In this dissertation work, a methodology is proposed to enable a robot to identify an object to be grasped and its intended grasp configuration while a human is teleoperating a robot towards the desired object. Based on the detected object and grasp configuration, the human is assisted in the teleoperation task. The environment is unstructured and consists of a number of objects, each with various possible grasp configurations. The identification of the object and the grasp configuration is carried out in real time, by recognizing the intention of the human motion. Simultaneously, the human user is assisted to preshape over the desired grasp configuration. This is done by scaling the components of the remote arm end-effector motion that lead to the desired grasp configuration and simultaneously attenuating the components that are in perpendicular directions. The complete process occurs while manipulating the master device and without having to interact with another interface.

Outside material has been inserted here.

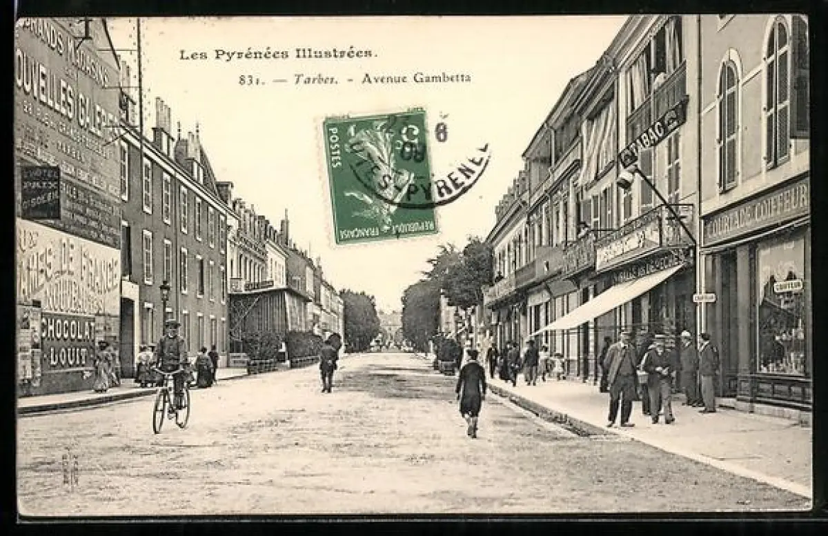 AK Tarbes /Les Pyrénées, Avenue Gambetta animée avec passants et cyclistes

Intention recognition from motion is carried out by using Hidden Markov Model (HMM) theory. First, the objects are classified based on their shapes. Then, the grasp configurations are preselected for each object class. The selection of grasp configurations is based on the human knowledge of robust grasps for the various shapes. Next, an HMM for each object class is trained by having a skilled teleoperator perform repeated preshape trials over each grasp configuration of the object class in consideration. The grasp configurations are modeled as the states of each HMM whereas the projections of translation and orientation vectors, over each reference vector, are modeled as observations. The reference vectors are the ideal translation and rotation trajectories that lead the remote arm end-effector towards a grasp configuration. During an actual grasping task performed by a novice or a skilled user, the trained model is used to detect their intention. The output probability of the HMM associated with each object in the environment is computed as the user is teleoperating towards the desired object. The object that is associated with the HMM which has the highest output probability, is taken as the desired object. The most likely Viterbi state sequence of the selected HMM gives the desired grasp configuration. Since an HMM is associated with every object, objects can be shuffled around, added or removed from the environment without the need to retrain the models. In other words, the HMM for each object class needs to be trained only once by a skilled teleoperator.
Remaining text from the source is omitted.